In case you need a refresher, never read our original article, and/or don’t want to now, here’s a quick description of reliability and uncertainty: reliability is a coefficient between 0 and 1 that gives a sense of the consistency of a statistic. A higher reliability means that there’s less uncertainty in the measurement. Reliability will go up with a larger sample size, so the reliability for strikeout rate after 100 plate appearances is going to be much lower than the reliability for strikeout rate at 600. Reliability also changes depending on which stat is being measured. Since strikeout rate is obviously a more talent-based stat than hit-by-pitch rate (well, maybe not for everybody), the reliability is going to be higher for strikeouts given two identical samples. You can think of it like strikeouts “stabilize” quicker than hit-by-pitches.

Reliability can be used to regress a player’s stats to the mean and then to create error bars around that, giving a confidence interval of the player’s true talent. To continue with the strikeout example, I’ll add another point — namely that, the more plate appearances a player has recorded, the closer the estimate of his true talent will be to the strikeout rate he’s running at the time. In fact, strikeout rate is so reliable that, after a full season’s worth of plate appearances, a player’s strikeout rate will probably be almost exactly reflective of his true talent. The same cannot be said for many other stats, like line drive rate, which is mostly random; the reliability for LD% never gets very high, even after a full season’s worth of batted balls.

For information on how to calculate reliability, and more specific details on how it is used, read our original article which was referenced in the first paragraph. I’m not going to go over any of the methodology in great detail, since it’s all in that original post and I didn’t change much. The only real difference is the input data used; instead of using data from 2009-2014, I went with 2013-2015. The few years lost, I found, didn’t make much of a difference, since the samples were plenty adequate.
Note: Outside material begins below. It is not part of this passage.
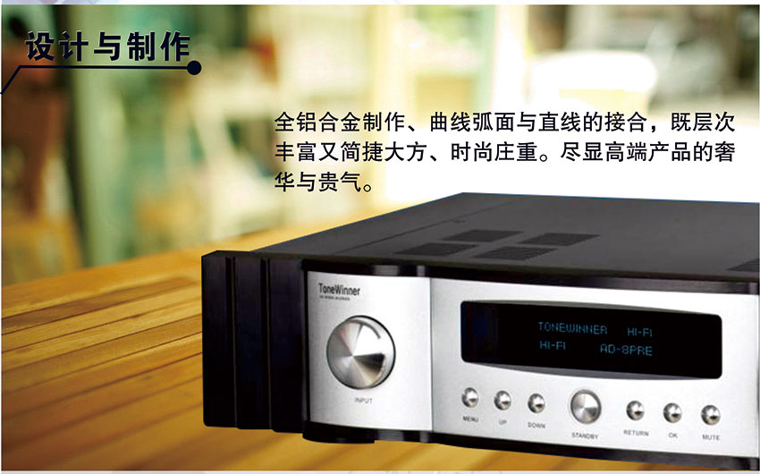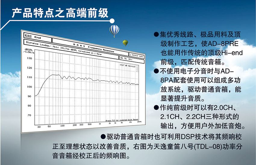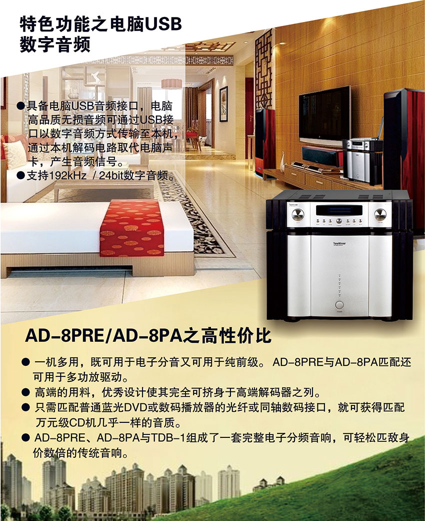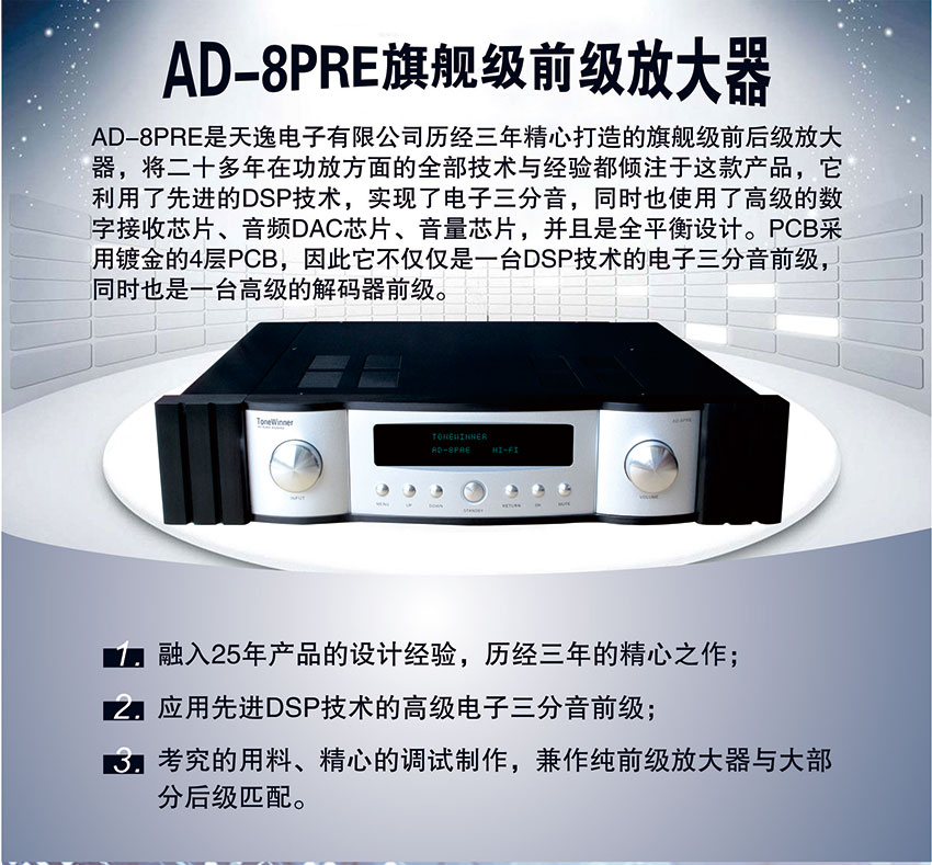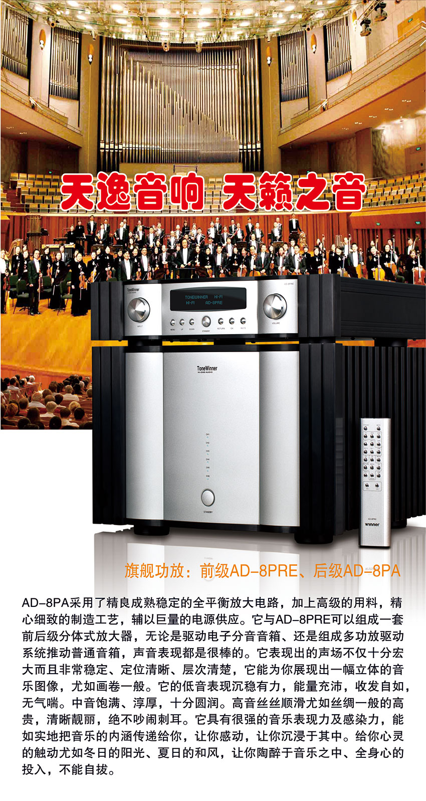 产品简述:简介:AD-8PRE/AD-8PA前后级电子分频HI-END功放,属于天逸呕心沥血开发研制的迄今为止天逸最高端旗舰级高保真功放,这是天逸音响多年来积累的高保真功放之经验和时下音响业界DSP数字声效高新技术结合的完美产物,该产品可配两分频、三分频HI-END级书架箱或落地箱玩电子分音,也可配合任何品牌的传统高保真音箱玩双功放分音,亦可配合任何高保真音箱和有源低音炮玩双功放+2.1高保真系统。玩法很多,音质音色堪称完美!值得对音质音色有极严格的要求、追求极致音质的骨灰级音响发烧友关注和购买。

I also wanted to keep the run environment stable, so I avoided stretching the sample over too many years. And, lastly, using fewer years made the code run much quicker.

For Statcast-based stats, I was compelled to use only 2016 data, so I have incomplete seasons. It doesn’t seem to matter too much, and it’s easy to extrapolate what the reliability would be over larger sample sizes. Additionally, for pickoff data, I used 2009-2015.

This update contains a lot of different stats, but some finagling had to be done to include some of them. Any counting stat had to be turned into a rate stat, usually just by dividing by plate appearances. You can’t find the reliability of home runs, but you can find the reliability of home runs per plate appearances, which is really the same thing.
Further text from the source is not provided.